Internal standardisation is generally
necessary in LA ICP-MS to correct raw counts-per-second data for differences
in the ablation characteristics between standards and samples and between
different elements, as well as for general instrument drift correction.
In the analysis of silicate materials, Ca and Si are frequently used as
internal standards. Depending largely on their volatility, different groups
of elements may need normalisation to different internal standard elements
to achieve a high quality of data. One of the complications of LA ICP-MS
analysis is that the concentration of the internal standard elements in
all standards and samples has to be determined by an alternative analytical
technique (e.g. the electron microprobe or XRFS) prior to analysis.

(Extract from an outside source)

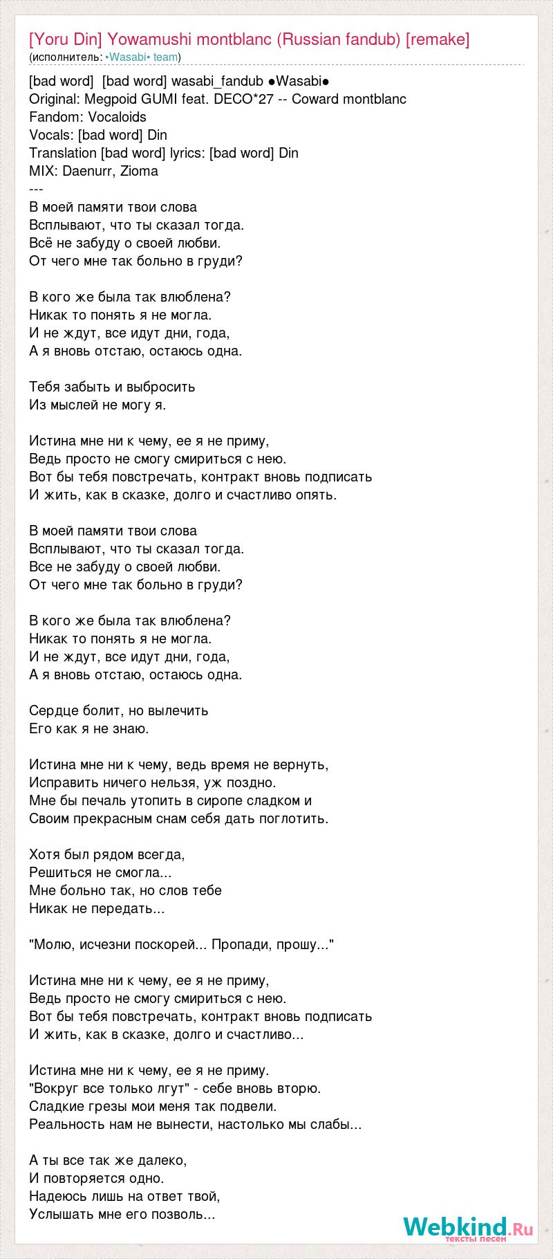 [bad word] [bad word] wasabi_fandub ●Wasabi● Original: Megpoid GUMI feat. DECO*27 -- Coward montblanc Fandom: Vocaloids Vocals: [bad word] Din Translation [bad word] lyrics: [bad word] Din MIX: Daenurr, Zioma --- В моей памяти твои слова Всплывают, что ты сказал тогда. Всё не забуду о своей любви. От чего мне так больно в груди? В кого же была так влюблена? Никак то понять я не могла. И не ждут, все идут дни, года, А я вновь отстаю, остаюсь одна. Тебя забыть и выбросить Из мыслей не могу я. Истина мне ни к чему, ее я не приму, Ведь просто не смогу смириться с нею. Вот бы тебя повстречать, контракт вновь подписать И жить, как в сказке, долго и счастливо опять. В моей памяти твои слова Всплывают, что ты сказал тогда. Все не забуду о своей любви. От чего мне так больно в груди? В кого же была так влюблена? Никак то понять я не могла. И не ждут, все идут дни, года, А я вновь отстаю, остаюсь одна. Сердце болит, но вылечить Его как я не знаю. Истина мне ни к чему, ведь время не вернуть, Исправить ничего нельзя, уж поздно. Мне бы печаль утопить в сиропе сладком и Своим прекрасным снам себя дать поглотить. Хотя был рядом всегда, Решиться не смогла... Мне больно так, но слов тебе Никак не передать... "Молю, исчезни поскорей... Пропади, прошу..." Истина мне ни к чему, ее я не приму, Ведь просто не смогу смириться с нею. Вот бы тебя повстречать, контракт вновь подписать И жить, как в сказке, долго и счастливо... Истина мне ни к чему, ее я не приму. "Вокруг все только лгут" - себе вновь вторю. Сладкие грезы мои меня так подвели. Реальность нам не вынести, настолько мы слабы... А ты все так же далеко, И повторяется одно. Надеюсь лишь на ответ твой, Услышать мне его позволь...

Like solution ICP-MS, LA ICP-MS is subject
to isobaric, molecular and doubly-charged ion interferences. Due to the
absence of acids and water in the sample aerosol (i.e. a "dry plasma"),
however, interferences by oxide ions are greatly reduced in severity (typically
< 0.5 %) in comparison with solution ICP-MS. Most interferences may
be minimised or avoided altogether by prudent choice of analyte isotopes
and careful optimisation of instrument operating conditions.
DETECTION LIMITS, ACCURACY AND PRECISION
LA ICP-MS detection limits vary with laser
power and volume of material analysed. Theoretical detection limits for
most elements are typically in the ppb to low ppm range. Accuracies and
precisions in the order of ~ 1 to 10 % may be expected for most elements.
ADVANTAGES OF LA ICP-MS
simple sample preparation
speed and ease of use
high sample throughput
good precision and accuracy
DISADVANTAGES OF LA ICP-MS
low spatial resolution compared to some other microbeam techniques (e.g.
electron microprobe, ion probe, proton probe)
need for well-characterised, homogeneous standards
need for prior knowledge of internal standard concentrations in samples
A growing list of materials have been analysed
for various trace elements by LA ICP-MS. Some examples include:
trace elements in minerals, rocks and volcanic glasses
trace element zonations in minerals
mineral-melt partition coefficients
fluid and melt inclusions in minerals
bulk analysis of pressed powder briquettes (e.g. rocks, soils, sediments)
archaeological materials (e.g. glass beads, ceramics)
catalysts (e.g. zeolite)
biological materials (e.g. tree rings, shells, teeth, bones)
forensic finger printing.
A GOOD GENERAL REFERENCE
Perkins, W. T. & Pearce, N. J. G., 1995.
Mineral microanalysis by laserprobe inductively coupled plasma mass spectrometry.
In: Potts, P. J., Bowles, J. F. W., Reed, S. J. B. & Cave, M. R. (eds.)
Techniques in the Earth Sciences. Chapman & Hall, London, pp. 291-325.